I am developing a web application based on Struts2, Spring and Hibernate. We are using spring security for authentication control, ssl etc.
Now, I need to secure the application against what I think is called url hacking. For instance, if the customer with customerId 1 is logged in and viewing his profile, the following http get variable will be visible in the address field: customerId=1. I need to prevent a customer from being able to set customerId=2 and see the profile of another customer.
How is this best achieved?
I've so far looked at Spring Security's Access Control List functionality and thought of the possibility to implement a Struts interceptor to check an action's customerId, but I'm not sure if either of these options is the way to go.
I'm not sure I made myself clear here. We are not displaying the id of the user that is logged in, this id is stored in a session.
Let me give another example. Each customer has a number of orders. When a customer is viewing an order, the orderId is visible in the url. This is the id I don't want a customer to be able to tamper with. If a customer changes the orderId to an id of an order belonging to another customer, access should be denied.

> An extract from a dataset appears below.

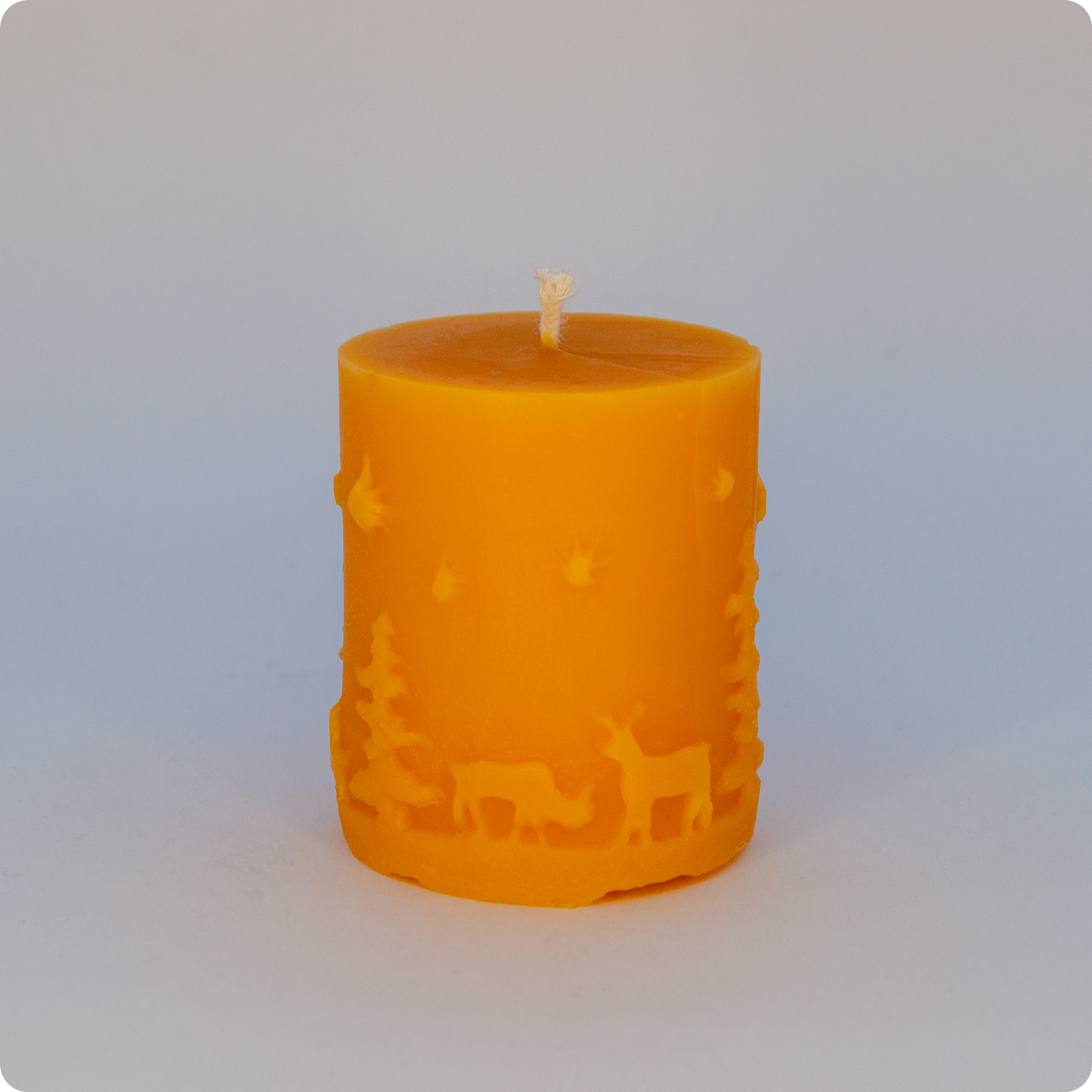 Stumpenkerze mit verschiedenen Motiven und Formen.
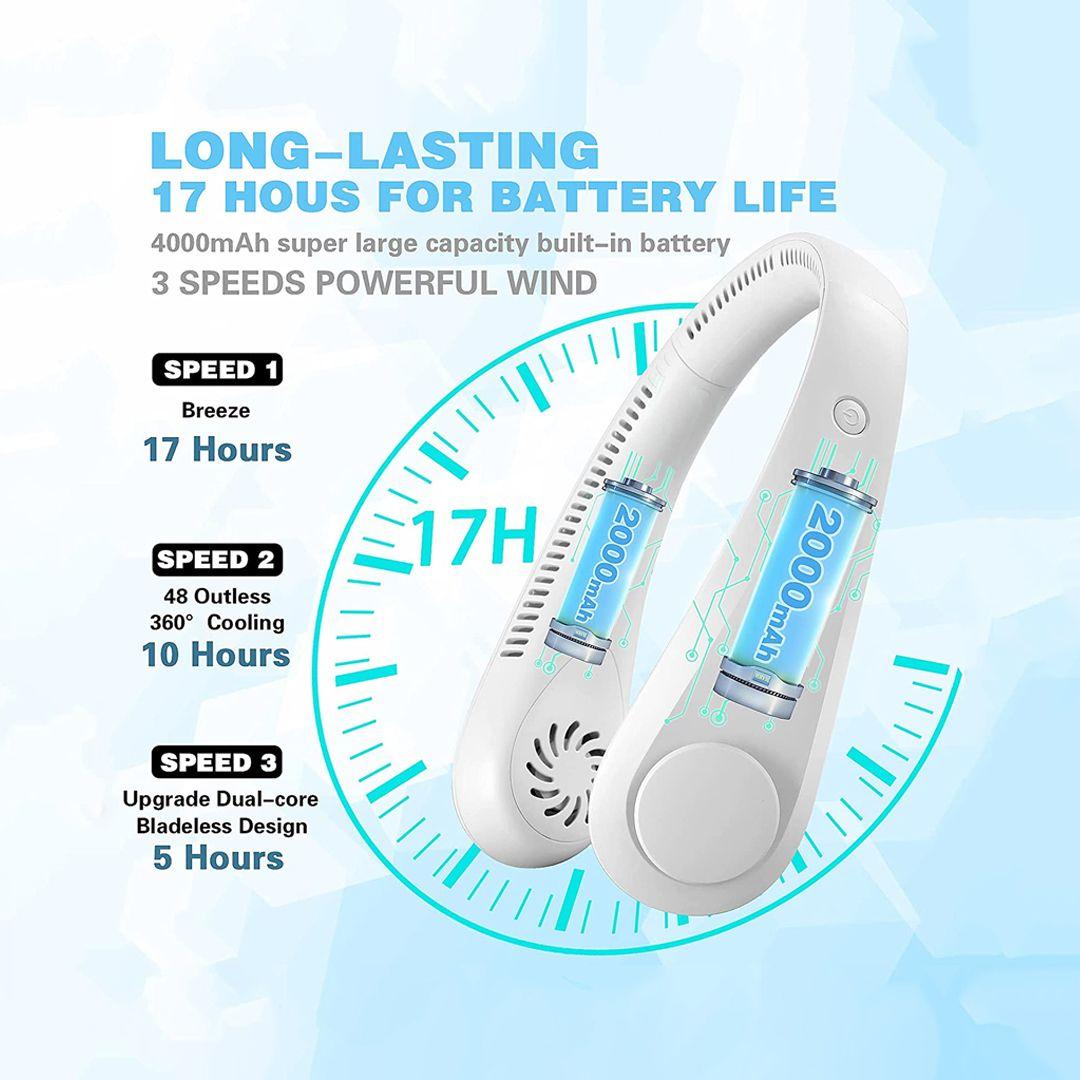 - Long-lasting coolness all day: 4000mAh battery provides 4 to 16 hours of operation depending on the speed you choose, keeping you refreshed all day long.

Do you advise against displaying this id in the url as well? [ November 06, 2008: Message edited by: P-O Vallin ]
Joined: Mar 22, 2005
Yes, by "user-visible" I meant the URL (as well as form fields, hidden or not). A better phrase would be "anything that's round-tripped from the server to the client, and then back to the server". That's susceptible to tampering, and someone WILL do it.
Ulf Dittmer wrote:Yes, by "user-visible" I meant the URL (as well as form fields, hidden or not). A better phrase would be "anything that's round-tripped from the server to the client, and then back to the server". That's susceptible to tampering, and someone WILL do it.
What @ulf said.
Never trust the client software. Never ever! Perhaps you are talking to a browser, or perhaps you are talking to a program that a bad guy wrote that pretends to be a browser.
A bit late into the discussion but hope to get some feedback on my thoughs. Thanks in advance.
Similar issue again.
In a web application, when a user visits a students list page, the screen shows list of student names with hyperlinks. Only those student names are shown which the user is allowed to see. When user clicks on the hyperlink, a new window opens showing the details of the user. The child window's address bar shows the url as follows.
The problem is that the user could change the value of parameter studentID and get the details of some other student which he/she is not eligible to see (hence not shown in the previous list screen). This is a security issue - url manipulation.
I could think of some the ways we could prevent this.
a. Hide the address bar in the child screen.
b. Change the query which fetches the student details to include a clause which checks the eligibility of the logged in user.
c. Put the student IDs fetched in the previous list screen in session and make sure the details are shown only for those student IDs.
d. Do not pass studentID in the url parameter. Post it.
Are there any other ways? Which of these is a better way and why?
When you get the request, lookup the nonce in the hashmap, get the key
Joined: Oct 23, 2000
Thanks Pat. Agreed.
But what if I have lots of code already written which is passing the parameters in url similar to what I mentioned. While it is true that the code has to be re-written to do the nonce thing you suggested, in the short term, wouldn't url hiding or using 'POST' method (because I think these can possibly be done easily compared to nonce stuff and remove the 'user-visible' part) make misusing the urls atleast slightly more difficult? If so, then we could buy some time and do the right fix in the days/months to some. Any thoughts on this?
Install httpfox into your firefox, turn it on, and look at what you can see. Its amazing.
It might even help the boss understand.
Joined: Mar 22, 2005
Milind Mahajan wrote:But what if I have lots of code already written which is passing the parameters in url similar to what I mentioned.
You'll have to check on the server side if the user that's logged in actually has the privileges to see the information they're requesting (in other words, somehow you need to check the studentID against the list of IDs this user is allowed to see). Yes, it seems like double work. No, you can't avoid it.
Joined: Oct 23, 2000
This is pretty much what I am doing now - similar to my options b and c in the initial post.